不用問,藍澤浩來相府肯定是來見俞子安的。到了竹林那邊,俞潇紫讓侍琴他們陪着藍振翺、藍銘瑄直接去湖中島,她和藍疏卿陪着藍澤浩去了俞子安的竹樓。
翠竹四季常青,雖然此時已經是深秋,竹林中的景象還是一點變化沒有。路上看到幾棵嫰筍,俞潇紫順手挖了給晚上加菜。
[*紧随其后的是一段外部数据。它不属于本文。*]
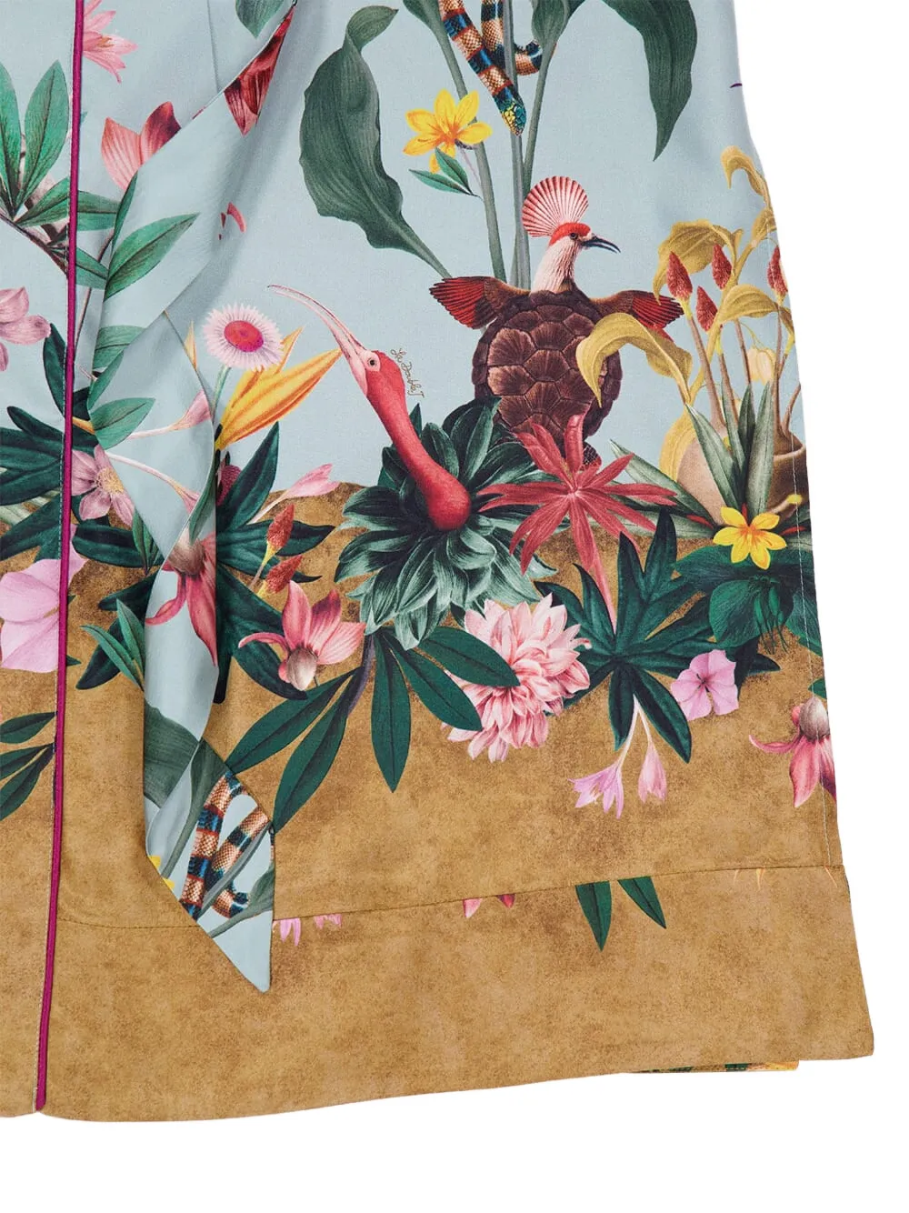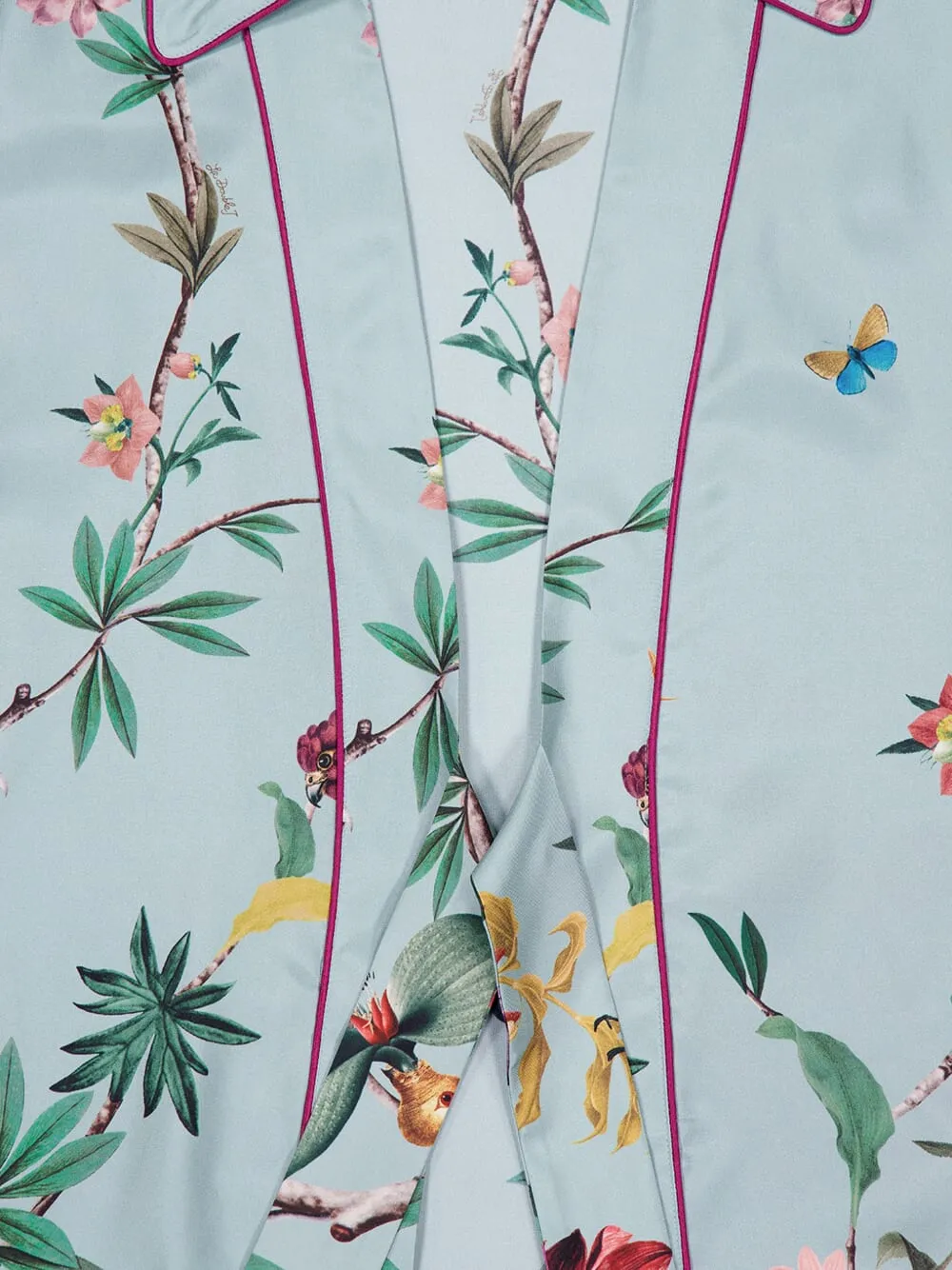Светло-голубой с цветочным принтом, с саржевой текстурой, с поясом на талии, длинными рукавами, с отделкой кантом
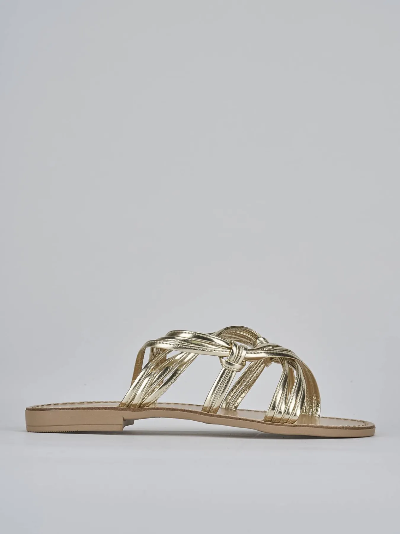 La tomaia in morbida pelle effetto laminato presenta affascinanti fascette intrecciate, donando un tocco di raffinatezza al tuo look.
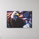 Bald Eagle an Statue of Liberty an American flag Canvas Print
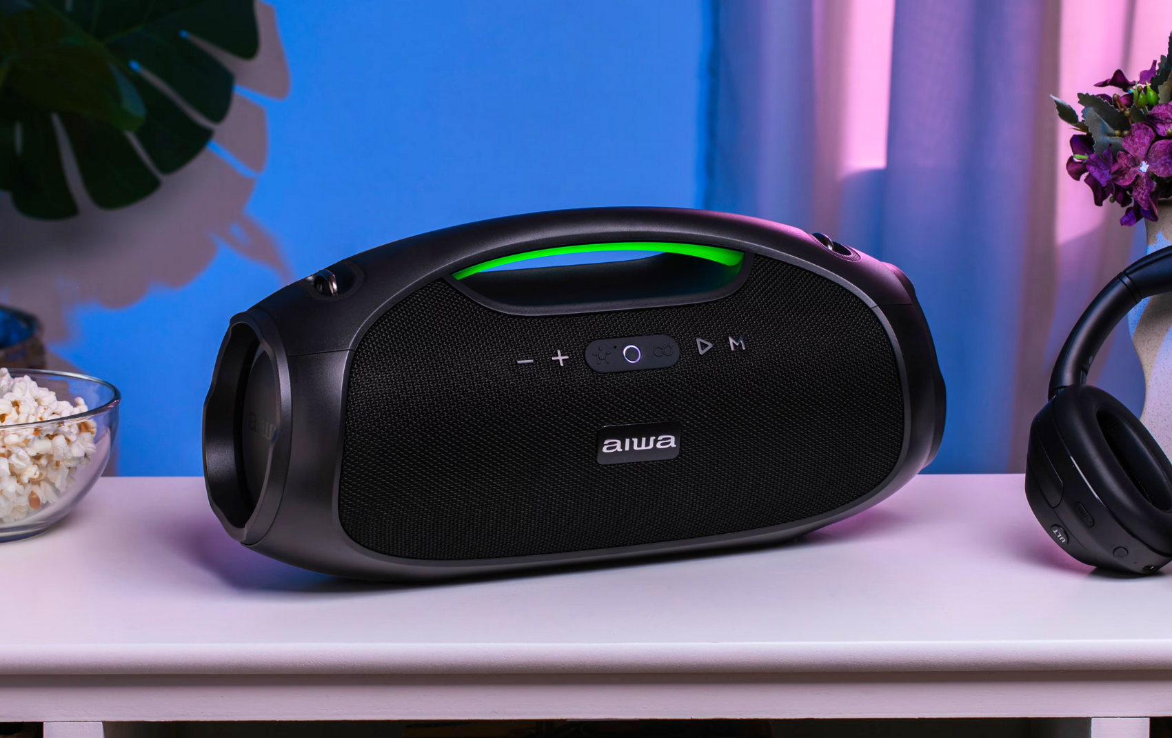 La bocina portátil AIWA AWS244BT es un potente sistema de audio con 60 W de potencia, diseñado para ofrecer sonido de alta calidad en un formato compacto y fácil de transportar.
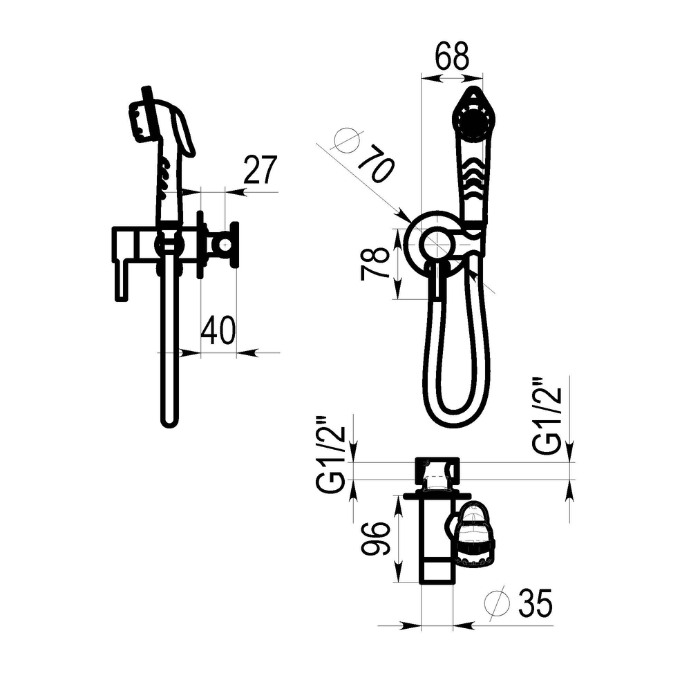 Grifo monomando ducha inodoro para instalación mural.
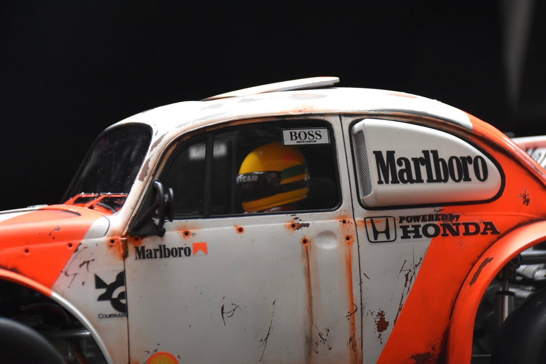 This listing features a hand-painted, fully finished body for the classic Tamiya Sand Scorcher 1/10 RC buggy. Each body is carefully detailed and includes a driver figure, making it perfect for collectors, custom builds, or display purposes.
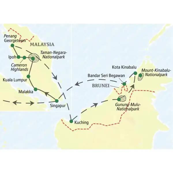 - Wichtigste Stationen dieser Studiosus-Reise durch Malaysia: Malakka, Kuala Lumpur, Penang, Taman-Negara-Nationalpark, Kuching, Gunung-Mulu-Nationalpark, dazu die Metropole Singapur. Auf Wunsch Ausflug in den Kinabalu-Nationalpark (UNESCO-Welterbe)
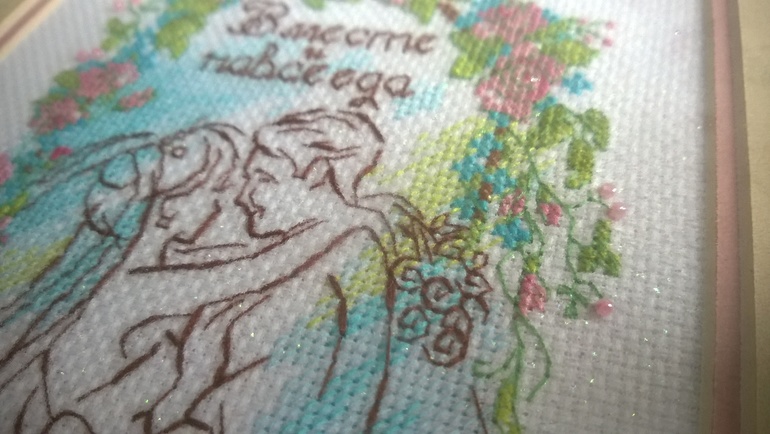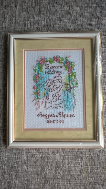 Лично я впервые вижу этот сюжет, хотя долго выбирала метрику для вышивки для подарка (так и не выбрала, решила шить оберег). Мне она понравилась многим больше остальных — и не банально совсем. Нежная! И отшита хорошо)
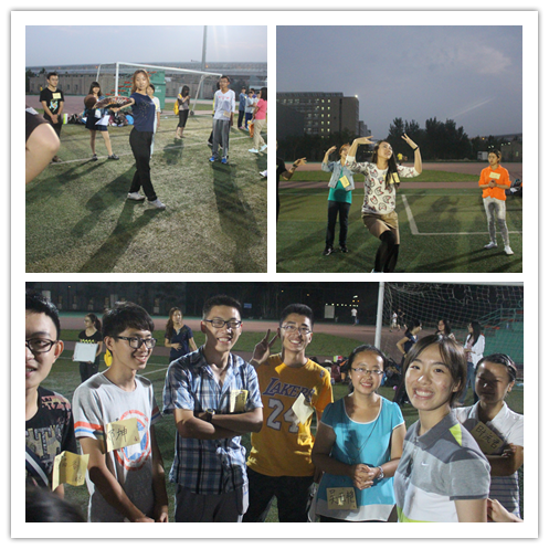 彼此熟悉之后,为更好地让同学们打成一片,更为有趣的“拼钱”游戏开始了:男生充当“2块钱”,女生充当“1块钱”。围成圈的队员们根据队长说的钱数,互相组合组成相应的数字,不符合要求的同学要进行才艺表演。这次游戏的主动权完全从13级同学转到14级新生的手中。优美曼妙的舞姿、动感十足的歌曲、诙谐幽默的笑话……各各同学尽显才艺,享受这个快乐美好的夜晚。
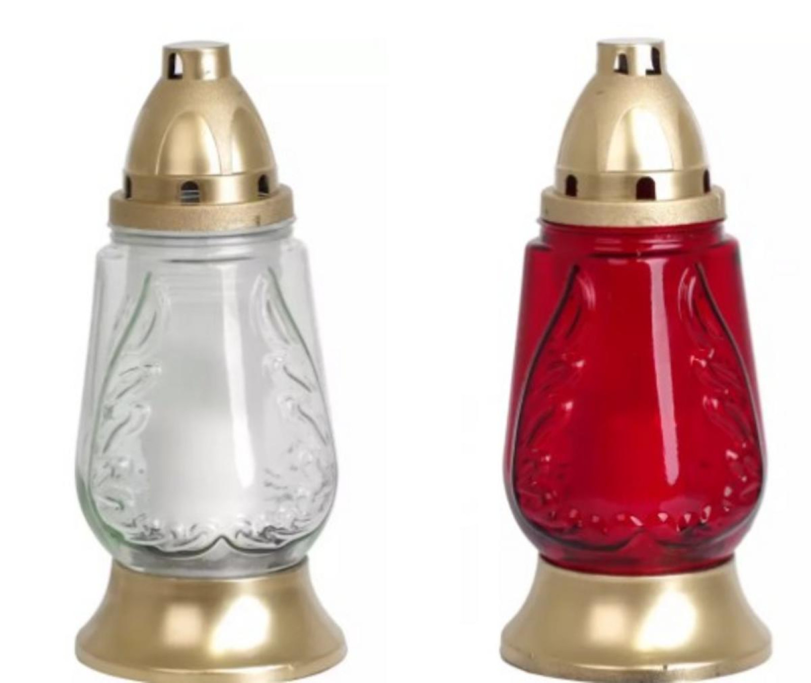 náhrobný kahanec, materiál sklo/plast, výška 24,5 cm, doba horenia 28 hodín, mix farieb
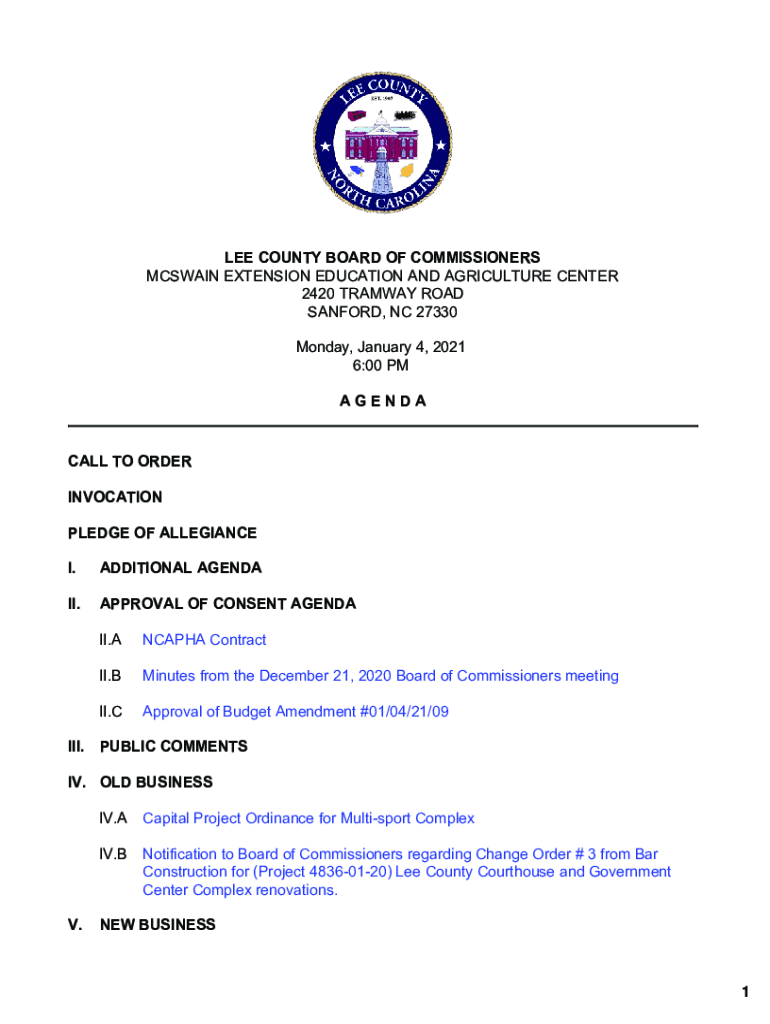 LEE COUNTY BOARD OF COMMISSIONERS McSwain EXTENSION EDUCATION AND AGRICULTURE CENTER 2420 TRAMWAY ROAD SANFORD, NC 27330 Monday, January 4, 2021 6:00 PM AGENDACALL TO ORDER INVOCATION PLEDGE OF ALLEGIANCE

走到竹樓前,俞子安還是躺在小院中的竹椅上。一隻手抓着還帶着新鮮泥土的酒壇子,一隻手端着酒杯,閉着眼睛哼着不知名小調。
俞潇紫推開虛掩着的院門,“爺爺,您又偷着挖我埋的酒。”
俞子安哧溜喝了一大口,“爺爺可不是偷挖,是有貴客到才去挖的。不知道你這一批酒有沒有釀好,就打開倒了一杯嘗嘗。”
藍澤浩對着俞子安拱手問好:“在下藍澤浩。”
俞子安将酒壇子放在一邊的小方桌上,起身拱手回禮:“俞子安。”
将藍澤浩讓到一邊坐下,俞子安對着俞潇紫和藍疏卿擺了擺手,“快開飯的時候讓大膽過來叫我們。要是做烤雞就多烤一些,我這兒已經沒了。”
俞潇紫囧,“又吃光了?”
俞子安撇了下嘴角,“架不住搶嘴的多,你給爺爺送再多也不夠吃。”
“知道了。我回頭會和侍琴說,再給您送的時候多做一些。”俞潇紫伸手拉住藍疏卿的胳膊,“那我們就先過去了。”
目送俞潇紫和藍疏卿走遠,藍澤浩眼裏難掩落寞,“當年我和璇兒也是如此恩愛。可是我卻不僅沒能保護好她,連爲她報仇都沒有做到。”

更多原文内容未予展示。